最初に放映されたビデオクリップは『Video Killed the Radio Star』
1981年8月1日、午前零時過ぎ。“見えるラジオ”をコンセプトにした『Music Television』(以下MTV)の放送がスタートした。
音楽ビデオを24時間流し続けるプログラムとして、アメリカの若い世代や時代の空気を変えてしまうことは必至の画期的な出来事だった。
記念すべき最初に放映されたビデオクリップ(※1)がバグルスの『Video Killed the Radio Star』だったことは、今や洒落た伝説だ。
これによって、まず「MTVが観たいからCATVに加入する」という現象が起き始める。当初は田舎町から始まった動きが、1983年にはNYやLAといった大都市でも開局に至った。
※1:1981年8月1日の放送初日、集まったビデオはたったの165本。そのうち30本がロッド・スチュワートのビデオだった。他に多くを占めたのはイギリスの新人バンドのクリップ。これらはアメリカの地上波TV向けのプロモーションツールとして作っていたため、集めやすかった。

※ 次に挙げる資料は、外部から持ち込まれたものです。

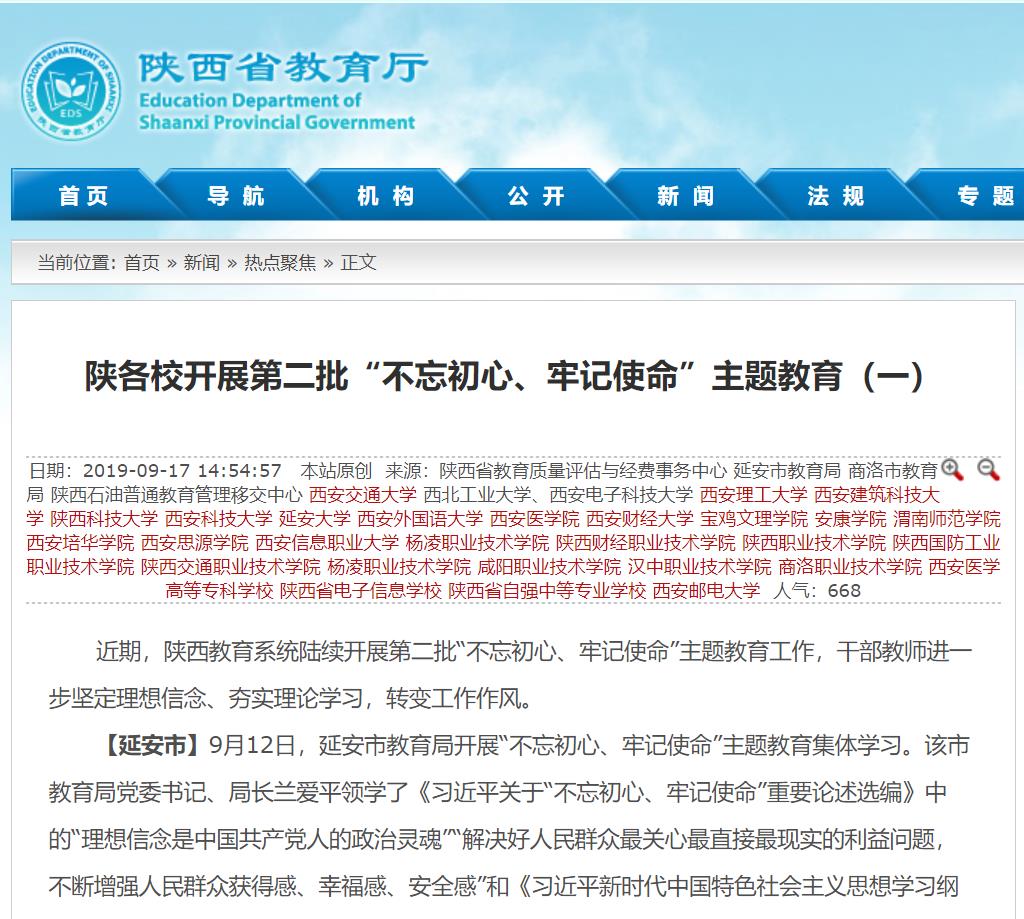 9月12日上午,该院召开“不忘初心、牢记使命”主题教育安排部署会,对学院开展“不忘初心、牢记使命”主题教育进行安排部署。陕西省委教育工委、省教育厅“不忘初心、牢记使命”主题教育第一巡回指导组组长、西安邮电大学原党委书记崔智林在讲话中强调,以县处级以上领导干部为重点,在全党开展“不忘初心、牢记使命”主题教育,是党的十九大作出的重大决策,是推动全面从严治党向纵深发展、把党的自我革命推向深入的重大举措。该院要切实聚焦主线,牢牢扭住根本任务;要切实把准要求,统筹推进四项重点措施;要切实突出重点,发挥示范引领作用;要切实解决问题,务求取得实在成效;要切实从严从实,力戒形式主义官僚主义。他表示,巡回指导组将按照中省决策部署和有关要求,紧紧依靠学院党委开展工作,并深入基层一线了解情况,突出重点环节、重点内容,从严指导、从严要求,提出工作建议,切实做好主题教育巡回指导工作。该院党委书记陈宁在安排部署中指出,开展“不忘初心、牢记使命”主题教育是强化创新理论武装的重要举措、不断深化党内教育的重要实践、落实管党治党责任的重要内容、推动工作有效落实的重要契机,全体党员干部要提高政治站位,深刻认识开展主题教育的重大意义,切实抓好贯彻落实。要把握目标要求,紧密结合学院工作实际开展主题教育,一是把学习教育贯穿始终,以理论武装守初心;二是把调查研究贯穿始终,改进作风担使命;三是把检视问题贯穿始终,查找差距补短板;四是把整改落实贯穿始终,狠抓落实见成效。要强化责任担当,加强统筹协调,加强舆论宣传,确保主题教育取得实效,努力开创学院发展新局面。会上,该院党委副书记任得元传达了中央和省委“不忘初心、牢记使命”主题教育第一批总结暨第二批部署会精神,以及委厅第二批“不忘初心、牢记使命”主题教育工作会精神。

MTVが起こした「第二次ブリティッシュ・インヴェイジョン」
音楽を取り巻く環境やマーケティングも変わる。レコード会社にとってMTVは、新たなプロモーションメディアに位置づけられた。
つまり、売り出したいアーティストがいたら、これまでのように地道に各地をツアーで回るようなリスクや時間を取らなくても、印象的なビデオクリップさえ制作すれば、それ以上の効果が素早く期待できるようになったのだ。

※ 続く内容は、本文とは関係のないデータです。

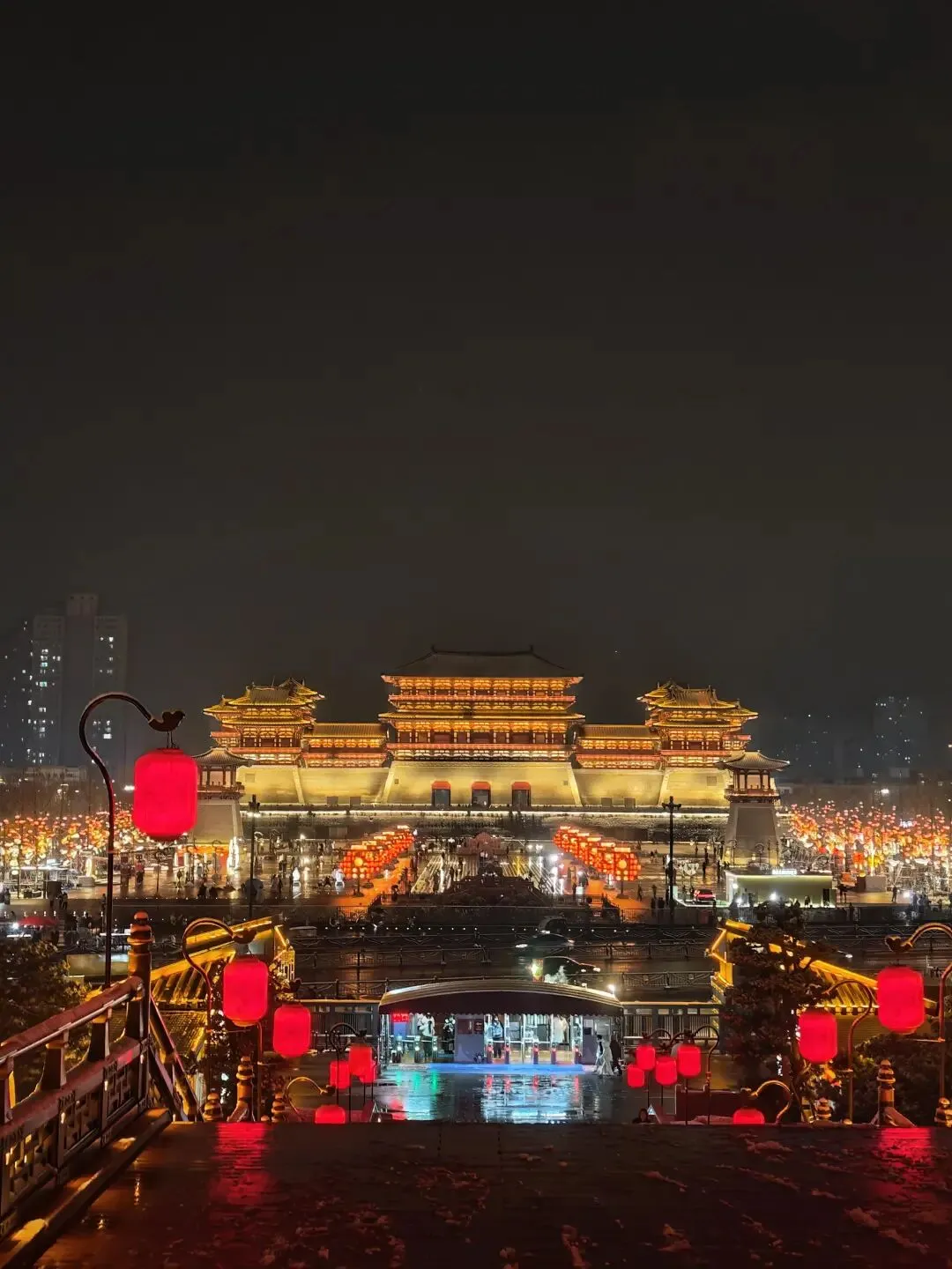 晚上直奔应天门!登上阙楼俯瞰夜景,整座城楼灯火通明,搭配着绚烂的灯光秀,仿佛梦回大唐盛世,氛围感直接封神!

特にデジタル機材を活用したポップなサウンドと、華やかなヴィジュアル性に富んだ英国の若手アーティスト(デュラン・デュランやカルチャー・クラブなど)がその恩恵を受けた。
英国勢がヒットチャートを独占するいわゆる「第二次ブリティッシュ・インヴェイジョン」と呼ばれる動きは、MTVがなければ起こらなかったムーヴメントだった。音楽は、聴くものから“観る”時代になった。
画面の中で軽快に喋ったりクリップを紹介したりするビデオ・ジョッキー(マーク・グッドマン、J.J.ジャクソン、ニナ・ブラックウッドなど)がMTV黄金期のムード形成に果たした役割も忘れてはならない。
音楽を視覚的に流すという拡散力は凄まじく、MTVは一気に若者文化/ポップカルチャーの主役に躍り出た。